Sample rails application to reproduce a strange behaviour with Net::HTTP in combination with Tmpfile (used in Rails file store cache), leading to:

ERROR -- : Net::OpenTimeout:execution expired
ERROR -- : /home/inecas/.rbenv/versions/2.5.1/lib/ruby/2.5.0/timeout.rb:104:in `timeout'
/home/inecas/.rbenv/versions/2.5.1/lib/ruby/2.5.0/net/http.rb:935:in `connect'
/home/inecas/.rbenv/versions/2.5.1/lib/ruby/2.5.0/net/http.rb:920:in `do_start'
/home/inecas/.rbenv/versions/2.5.1/lib/ruby/2.5.0/net/http.rb:909:in `start'
/home/inecas/.rbenv/versions/2.5.1/lib/ruby/2.5.0/net/http.rb:609:in `start'
/home/inecas/.rbenv/versions/2.5.1/lib/ruby/2.5.0/net/http.rb:485:in `get_response'

It has been reproduced on ruby 2.5.1 from rbenv, as well as Satellite 6.5 SCL.

Usage:

To see the failure, run

./fails.sh

Compare it to the version that works:

./works.sh

Running in SCL

When reproducing on Satellite 6.5 instance, you need to run the scripts in tfm scl + remove the Gemfile.lock:

scl enable tfm bash
rm Gemfile.lock
./fails.sh

Analysis

strace output has bee captured with strace -f bash ./fails.sh 2> >(tee -a strace-fail.log) and log file is available in this repository.
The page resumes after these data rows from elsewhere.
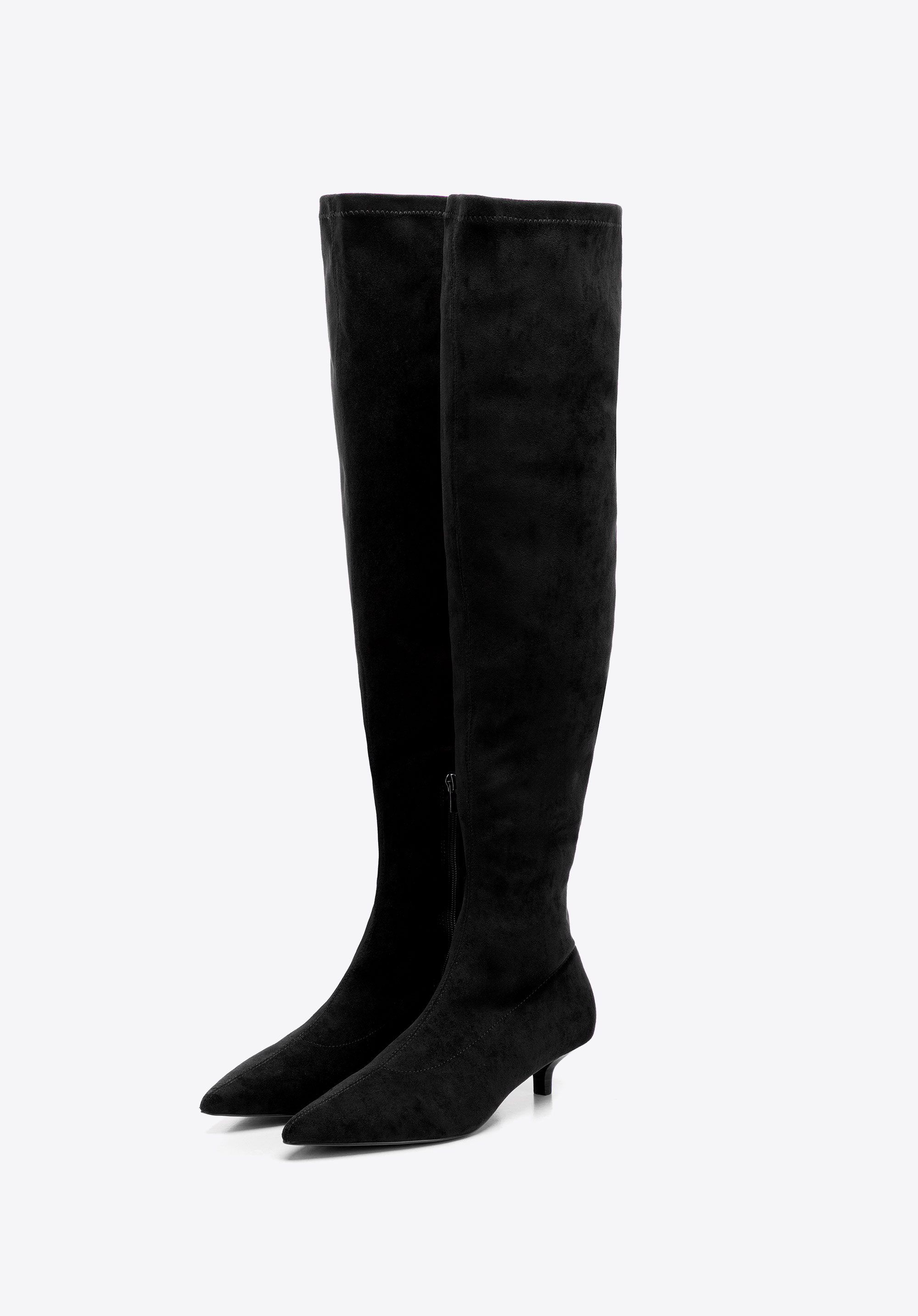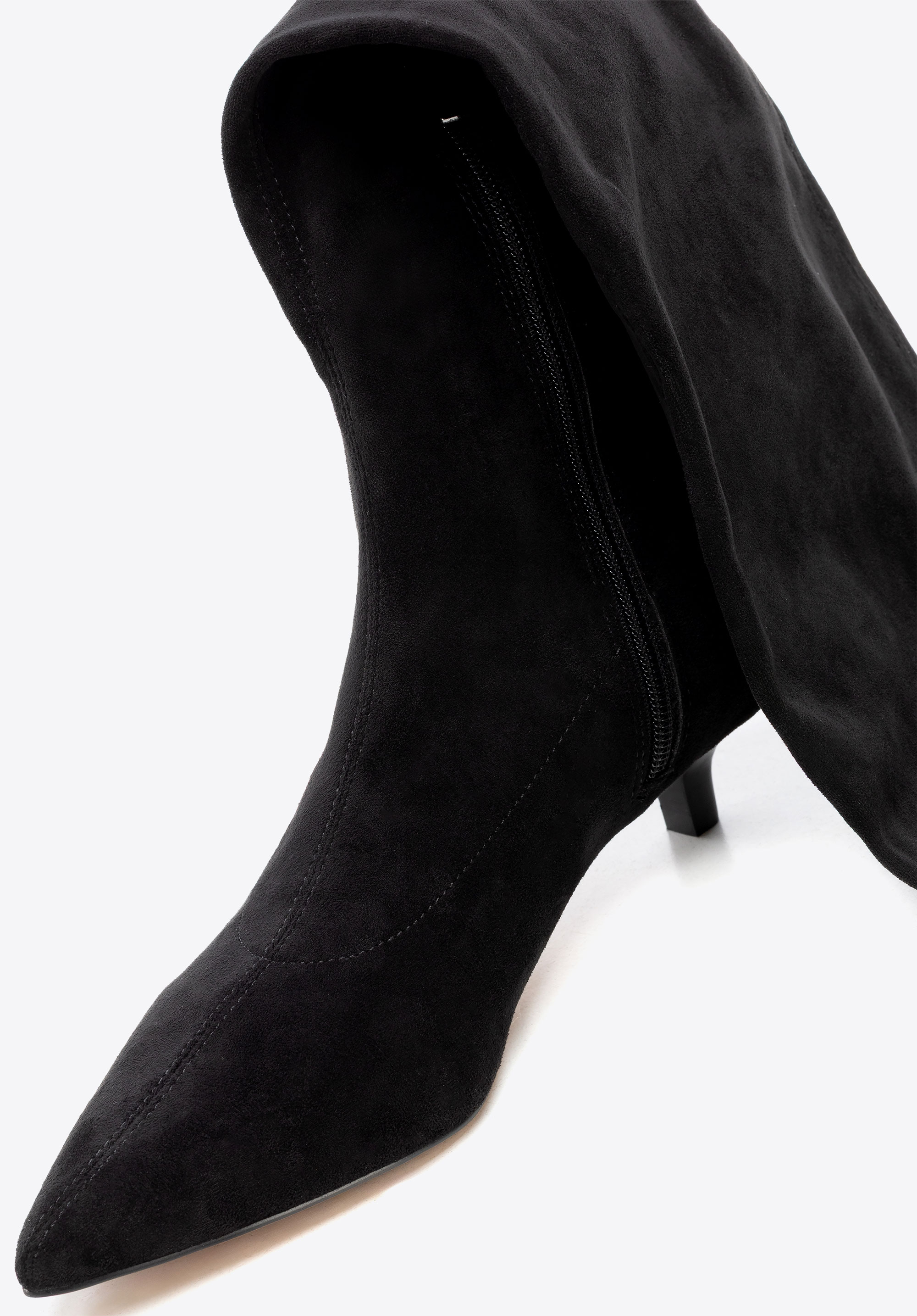 Aceste cizme la modă combină o siluetă clasică cu detalii moderne. Tija ajustată modelează frumos piciorul, în timp ce vârful ascuțit subțiază piciorul, adăugând o senzație de lejeritate siluetei generale. Tocul mic asigură stabilitate și confort pe tot parcursul zilei, iar cusăturile decorative conferă cizmelor un caracter elegant și stilat. Perfecte pentru femeile care apreciază o combinație de eleganță și confort - cizme care completează atât ținutele de zi cu zi, cât și pe cele mai rafinate.
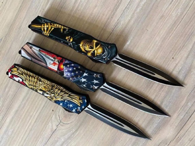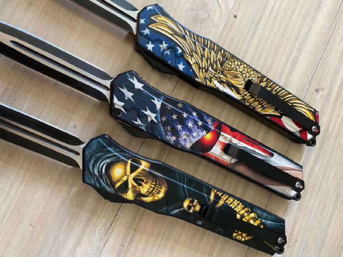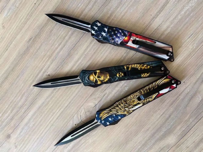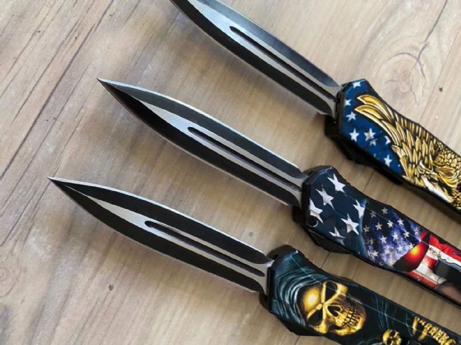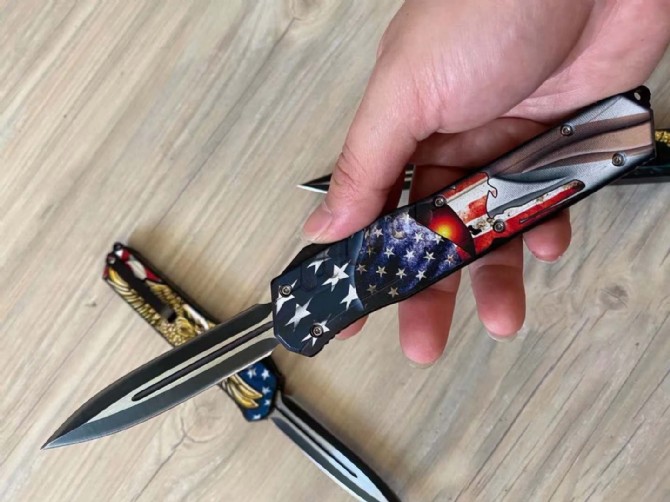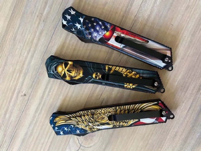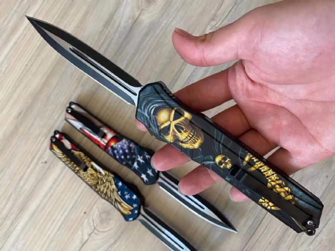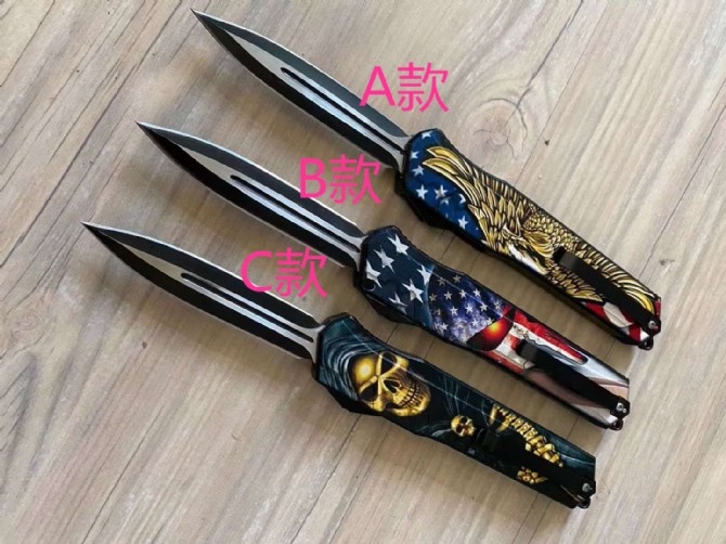 迷彩版暗码天启直出跳刀 总长度:248mm 刀片长度:100mm 刀片厚度:2mm 刀片宽度:20mm 手柄长度:140mm 手柄厚度:12mm 刀片材质:5CR13 硬度:57 表面处理3D打印
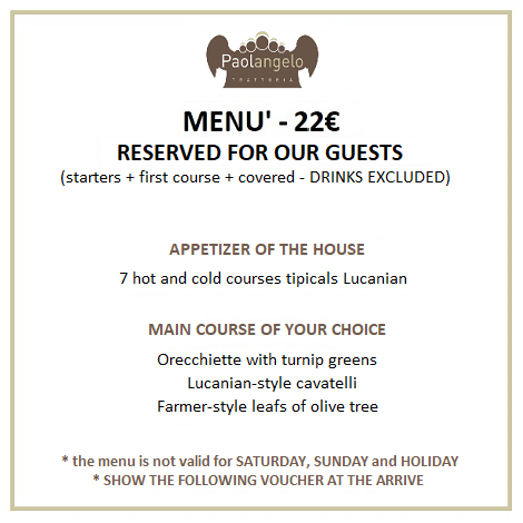 TRATTORIA PAOLANGELO, si trova a due passi da noi e rappresenta davvero la classica Trattoria Materana dove fare tappa obbligata se sei a Matera. Qui potrai assaporare il gusto della tradizione locale, senza troppi complimenti, andando dritti all’essenziale.

The interesting part of the strace-fail.log starts at line 160081:

[pid 20834] unlink("/home/inecas/tmp/cache-net-timeout/tmp/cache/.hello20190309-20191-i43a3h" <unfinished ...>
[pid 20191] futex(0x55d4cd95e9f0, FUTEX_WAKE_PRIVATE, 1 <unfinished ...>
[pid 20834] <... unlink resumed> )      = -1 ENOENT (No such file or directory)
[pid 20191] <... futex resumed> )       = 0
[pid 20834] getpid( <unfinished ...>
[pid 20191] fstat(8,  <unfinished ...>
[pid 20834] <... getpid resumed> )      = 20191
[pid 20191] <... fstat resumed> {st_mode=S_IFSOCK|0777, st_size=0, ...}) = 0
[pid 20834] getpid()                    = 20191
[pid 20191] getpid( <unfinished ...>
[pid 20834] write(6, "!", 1 <unfinished ...>
[pid 20191] <... getpid resumed> )      = 20191
[pid 20834] <... write resumed> )       = 1
[pid 20191] getpid( <unfinished ...>
[pid 20834] futex(0x55d4cd95ea4c, FUTEX_WAIT_PRIVATE, 0, NULL <unfinished ...>
[pid 20191] <... getpid resumed> )      = 20191
[pid 20191] write(4, "!", 1 <unfinished ...>
[pid 20250] <... poll resumed> )        = 1 ([{fd=3, revents=POLLIN}])
[pid 20191] <... write resumed> )       = 1
[pid 20250] read(3,  <unfinished ...>
[pid 20191] getpid( <unfinished ...>
[pid 20250] <... read resumed> "!", 1024) = 1
[pid 20191] <... getpid resumed> )      = 20191
[pid 20250] read(3,  <unfinished ...>
[pid 20191] tgkill(20191, 20834, SIGVTALRM <unfinished ...>

It shows that the OS is switching between two processes, one trying to delete file (20834) while the other (20191) is setting up sleep.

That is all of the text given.